INFORMATION SHOWN ▸

* * * * * * * * *

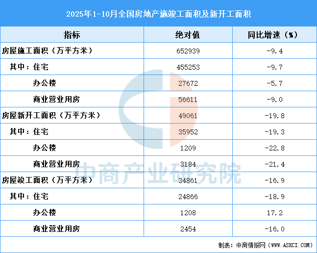1—10月份,房地產(chǎn)開(kāi)發(fā)企業(yè)房屋施工面積652939萬(wàn)平方米,同比下降9.4%。其中,住宅施工面積455253萬(wàn)平方米,下降9.7%。房屋新開(kāi)工面積49061萬(wàn)平方米,下降19.8%。其中,住宅新開(kāi)工面積35952萬(wàn)平方米,下降19.3%。房屋竣工面積34861萬(wàn)平方米,下降16.9%。其中,住宅竣工面積24866萬(wàn)平方米,下降18.9%。
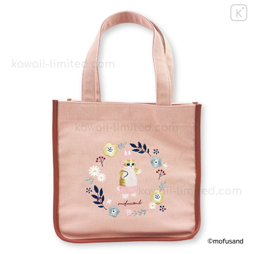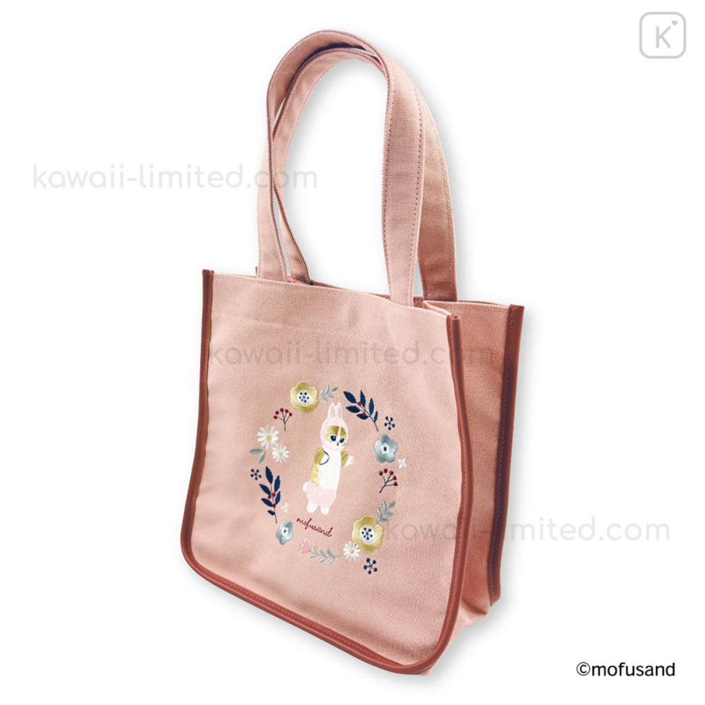 Japan Mofusand Embroidered Mini Tote Bag - Mofusand Botanical Rabbit Cat
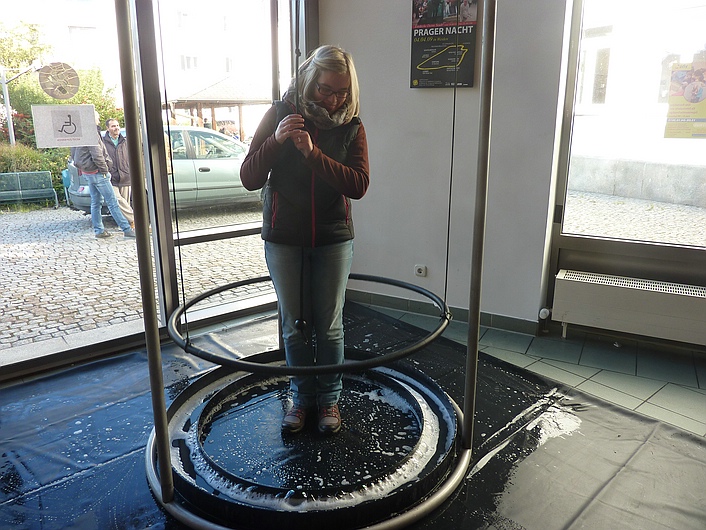 Mit der richtigen Mischung aus Schwung und Behutsamkeit stehst du einen Moment in einer großen Seifenblase.
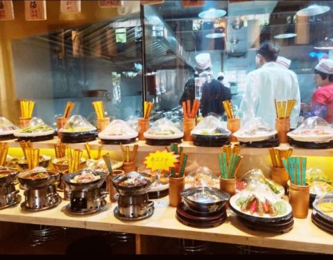 店里面也有自助餐可拿,这点还是可以的,有发现点菜方式很特别,能看到实物,这点很不错。性价比低有点小贵
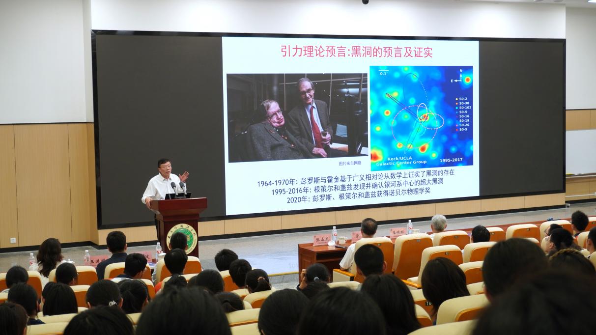 常院士讲座围绕“暗物质的发现、探测暗物质的必要性、暗物质的探测方法”三个核心方面展开。他以深入浅出的讲解方式,将深奥晦涩的天文学与物理学知识转化为通俗易懂的演讲内容,极大激发了同学们探索科学奥秘的兴趣。尤为可贵的是,常院士分享了他的团队研制暗物质粒子探测卫星“悟空号”的历程,介绍了“悟空号”的最新科研成果。“我们的悟空号是全世界最好的暗物质探测卫星”常院士表示。他以介绍该成果为契机,勉励同学们在日常学习与生活中,做好每一件小事,善于发现问题,积极解决问题。
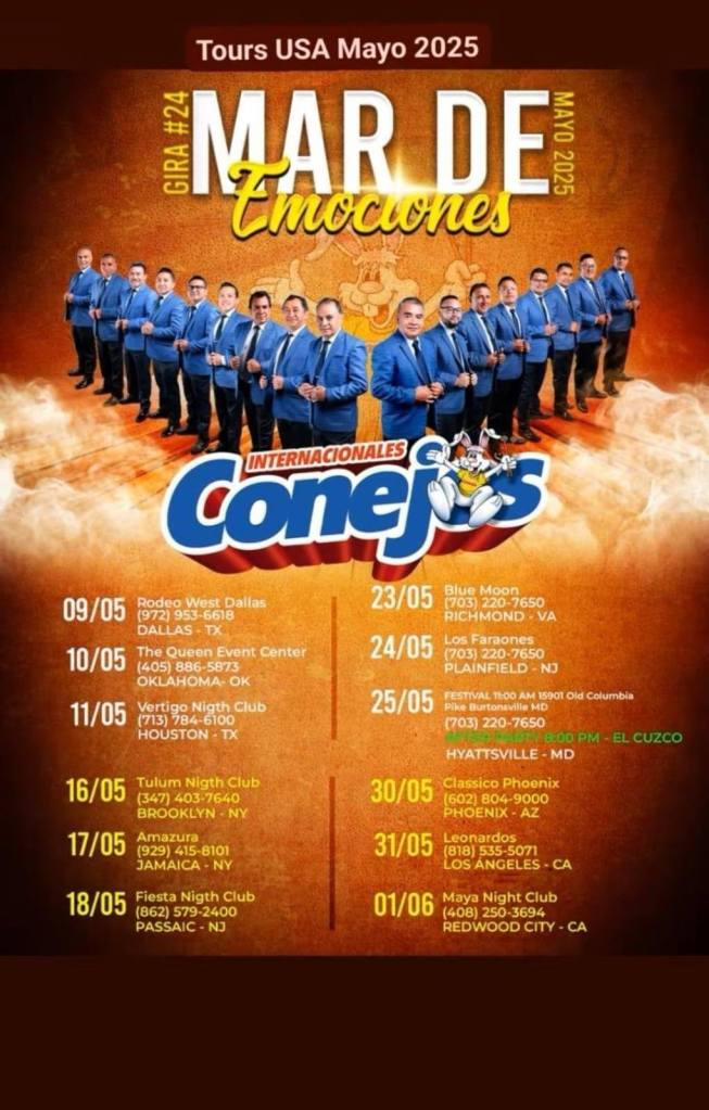 - Sábado 24 de mayo: Los Faraones, Plainfield, Nueva Jersey.
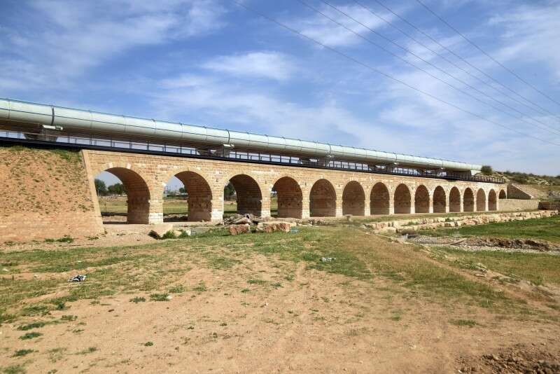 גשר הרכבת העות'מאנית בנחל באר שבע. מעליו: הגשר החדש שהוקם במקום // צילום: דודו גרינשפן
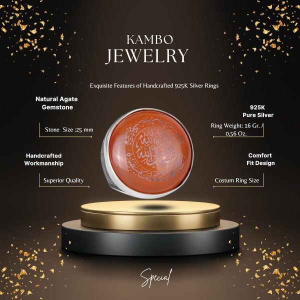 Yüzük, kendine has desenleri ve dengeleyici özellikleri ile bilinen gerçek bir büyük Akik taşı ile süslenmiştir. Her yüzük, kültürel ve ruhsal anlam katmanları ekleyen İslami motiflerle özenle tasarlanmıştır.
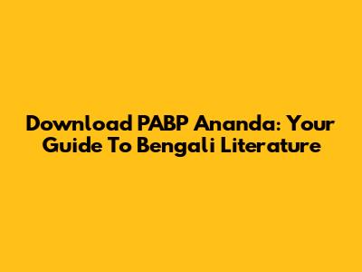 Download PABP Ananda: Your Guide To Bengali Literature
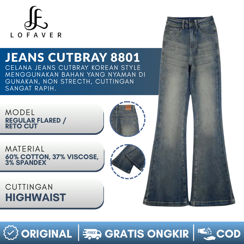 Lofaver - Ultra Highwaist Cutbray Stretch Jeans 8801 HANGOUT Celana Panjang Wanita
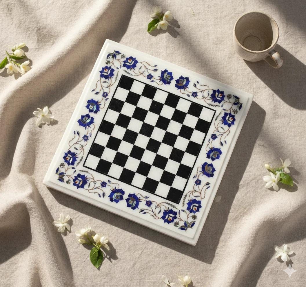 Experience the pinnacle of royal craftsmanship with this exquisite marble chessboard. Meticulously handcrafted, this piece features the traditional Pietra Dura technique, where semi-precious stones are precision-cut and inlaid into solid white marble.
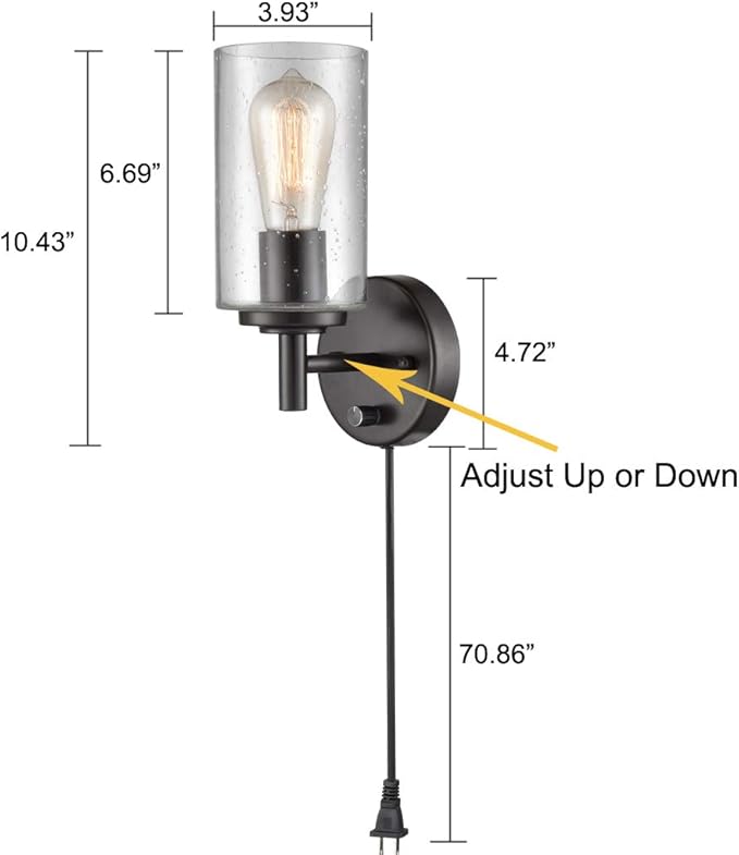 - The backplate is 4.72"high and with 5.9 ft long black plug in wire.You can adjust up/down light

* * * * * * * * *

WORK REQUEST ▸ Leave out every picture and write out exactly the lines running from the line containing "Japan Mofusand Embroidered" to the end of the listing above.

RESPONSE TO THIS EXERCISE ▸
 Japan Mofusand Embroidered Mini Tote Bag - Mofusand Botanical Rabbit Cat
 Mit der richtigen Mischung aus Schwung und Behutsamkeit stehst du einen Moment in einer großen Seifenblase.
 店里面也有自助餐可拿,这点还是可以的,有发现点菜方式很特别,能看到实物,这点很不错。性价比低有点小贵
 常院士讲座围绕“暗物质的发现、探测暗物质的必要性、暗物质的探测方法”三个核心方面展开。他以深入浅出的讲解方式,将深奥晦涩的天文学与物理学知识转化为通俗易懂的演讲内容,极大激发了同学们探索科学奥秘的兴趣。尤为可贵的是,常院士分享了他的团队研制暗物质粒子探测卫星“悟空号”的历程,介绍了“悟空号”的最新科研成果。“我们的悟空号是全世界最好的暗物质探测卫星”常院士表示。他以介绍该成果为契机,勉励同学们在日常学习与生活中,做好每一件小事,善于发现问题,积极解决问题。
 - Sábado 24 de mayo: Los Faraones, Plainfield, Nueva Jersey.
 גשר הרכבת העות'מאנית בנחל באר שבע. מעליו: הגשר החדש שהוקם במקום // צילום: דודו גרינשפן
 Yüzük, kendine has desenleri ve dengeleyici özellikleri ile bilinen gerçek bir büyük Akik taşı ile süslenmiştir. Her yüzük, kültürel ve ruhsal anlam katmanları ekleyen İslami motiflerle özenle tasarlanmıştır.
 Download PABP Ananda: Your Guide To Bengali Literature
 Lofaver - Ultra Highwaist Cutbray Stretch Jeans 8801 HANGOUT Celana Panjang Wanita
 Experience the pinnacle of royal craftsmanship with this exquisite marble chessboard. Meticulously handcrafted, this piece features the traditional Pietra Dura technique, where semi-precious stones are precision-cut and inlaid into solid white marble.
 - The backplate is 4.72"high and with 5.9 ft long black plug in wire.You can adjust up/down light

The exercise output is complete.